[Opening Given material section]
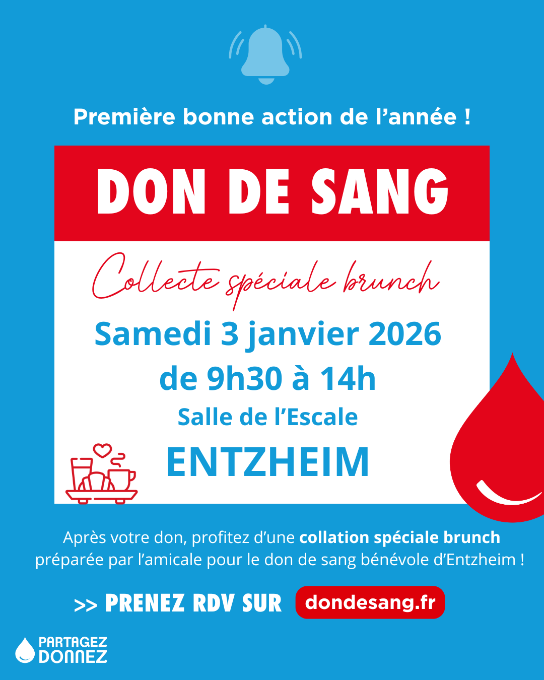 Rendez-vous le samedi 3 janvier 2026 à la salle des fêtes (accès par la rue des Sports) pour la prochaine collecte de sang.
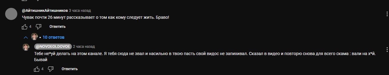 Чисто та же самая база что и в треде была, под подобными комментария видны агрессивные нападки фриков начинающихся с оскорблений. Пенкин реально собрал вокруг себя таких же душевнобольных и агрессивныных газонюхов, правда эти болезненные и двух слов связать не могут.
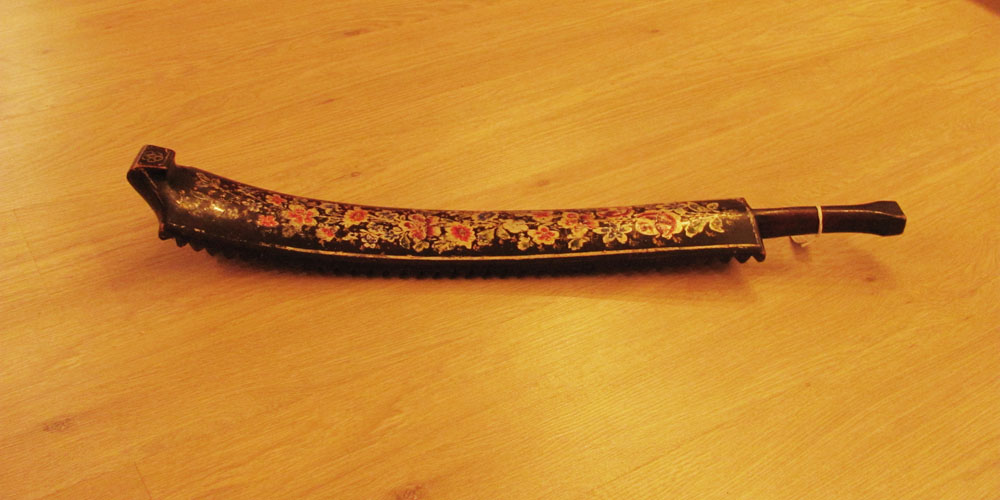 Согласно семейной легенде, этот рубель Мефодий Куприянович выиграл в качестве приза на городской ярмарке. Предмет очень красивый, изготовленный как подарочное изделие в начале XX века. Тыльную, нерабочую поверхность рубеля украшает эффектная роспись: на черном, лакированном фоне рисунок, в виде цветочной гирлянды из роз и стилизованных ромашек. Цветы и листья гирлянды раскрашены по серебристой основе в красный, синий, малиновый, зеленый и золотистый цвета. Такие нарядные, расписные рубеля были одними из излюбленных украшении крестьянского жилища.
[Closing Given material section]
Exercise instructions
Every line of the listing above is to be repeated exactly, with its pictures left out.

Worked solution
 Rendez-vous le samedi 3 janvier 2026 à la salle des fêtes (accès par la rue des Sports) pour la prochaine collecte de sang.
 Чисто та же самая база что и в треде была, под подобными комментария видны агрессивные нападки фриков начинающихся с оскорблений. Пенкин реально собрал вокруг себя таких же душевнобольных и агрессивныных газонюхов, правда эти болезненные и двух слов связать не могут.
 Согласно семейной легенде, этот рубель Мефодий Куприянович выиграл в качестве приза на городской ярмарке. Предмет очень красивый, изготовленный как подарочное изделие в начале XX века. Тыльную, нерабочую поверхность рубеля украшает эффектная роспись: на черном, лакированном фоне рисунок, в виде цветочной гирлянды из роз и стилизованных ромашек. Цветы и листья гирлянды раскрашены по серебристой основе в красный, синий, малиновый, зеленый и золотистый цвета. Такие нарядные, расписные рубеля были одними из излюбленных украшении крестьянского жилища.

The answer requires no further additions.